# [RECORDS FOR PROCESSING]
· · · · ·

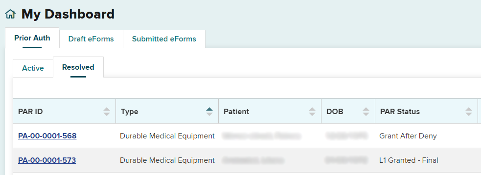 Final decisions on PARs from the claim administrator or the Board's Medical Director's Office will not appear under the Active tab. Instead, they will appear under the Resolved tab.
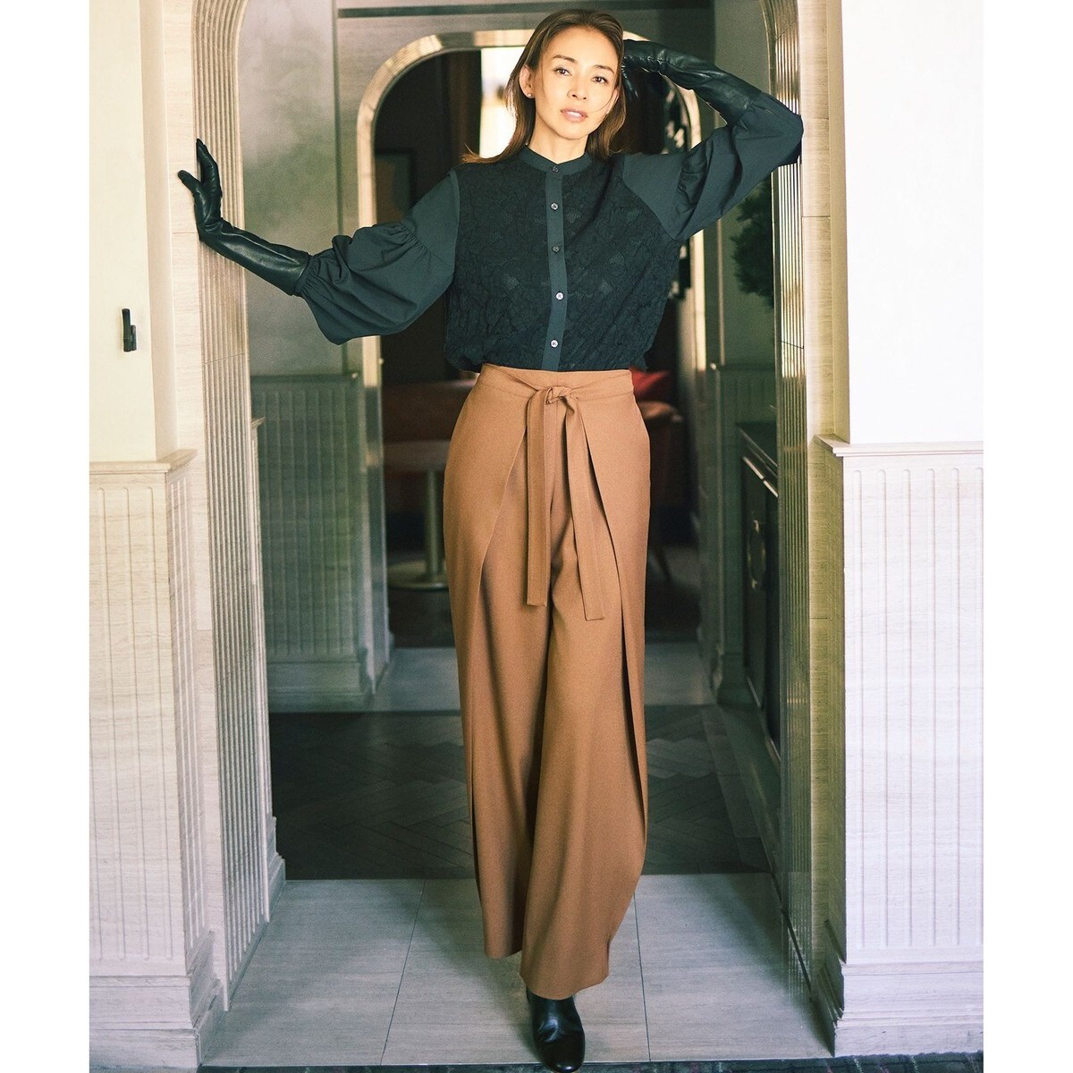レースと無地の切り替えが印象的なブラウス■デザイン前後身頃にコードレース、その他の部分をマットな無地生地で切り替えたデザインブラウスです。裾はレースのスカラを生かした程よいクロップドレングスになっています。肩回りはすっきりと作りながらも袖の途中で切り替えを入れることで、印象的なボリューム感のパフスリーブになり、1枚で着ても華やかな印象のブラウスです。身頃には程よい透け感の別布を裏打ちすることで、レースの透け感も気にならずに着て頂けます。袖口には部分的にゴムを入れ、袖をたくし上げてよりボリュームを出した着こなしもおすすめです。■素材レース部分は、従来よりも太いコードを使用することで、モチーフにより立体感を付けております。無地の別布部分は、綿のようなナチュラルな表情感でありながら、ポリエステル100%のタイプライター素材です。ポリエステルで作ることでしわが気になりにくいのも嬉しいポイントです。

· · · · ·

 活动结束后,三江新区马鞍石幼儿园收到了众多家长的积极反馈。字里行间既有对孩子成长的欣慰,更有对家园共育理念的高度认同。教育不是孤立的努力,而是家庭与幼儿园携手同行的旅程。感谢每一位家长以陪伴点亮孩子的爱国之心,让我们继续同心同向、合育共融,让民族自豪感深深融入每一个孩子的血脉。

· · · · ·

# [WORK INSTRUCTION]
Could you transcribe exactly the entries above, but only the lines from the one with "Final decisions on" through the one with "レースと無地の切り替えが印象", and without pictures?

# [SOLUTION FOR THIS EXERCISE]
 Final decisions on PARs from the claim administrator or the Board's Medical Director's Office will not appear under the Active tab. Instead, they will appear under the Resolved tab.
レースと無地の切り替えが印象的なブラウス■デザイン前後身頃にコードレース、その他の部分をマットな無地生地で切り替えたデザインブラウスです。裾はレースのスカラを生かした程よいクロップドレングスになっています。肩回りはすっきりと作りながらも袖の途中で切り替えを入れることで、印象的なボリューム感のパフスリーブになり、1枚で着ても華やかな印象のブラウスです。身頃には程よい透け感の別布を裏打ちすることで、レースの透け感も気にならずに着て頂けます。袖口には部分的にゴムを入れ、袖をたくし上げてよりボリュームを出した着こなしもおすすめです。■素材レース部分は、従来よりも太いコードを使用することで、モチーフにより立体感を付けております。無地の別布部分は、綿のようなナチュラルな表情感でありながら、ポリエステル100%のタイプライター素材です。ポリエステルで作ることでしわが気になりにくいのも嬉しいポイントです。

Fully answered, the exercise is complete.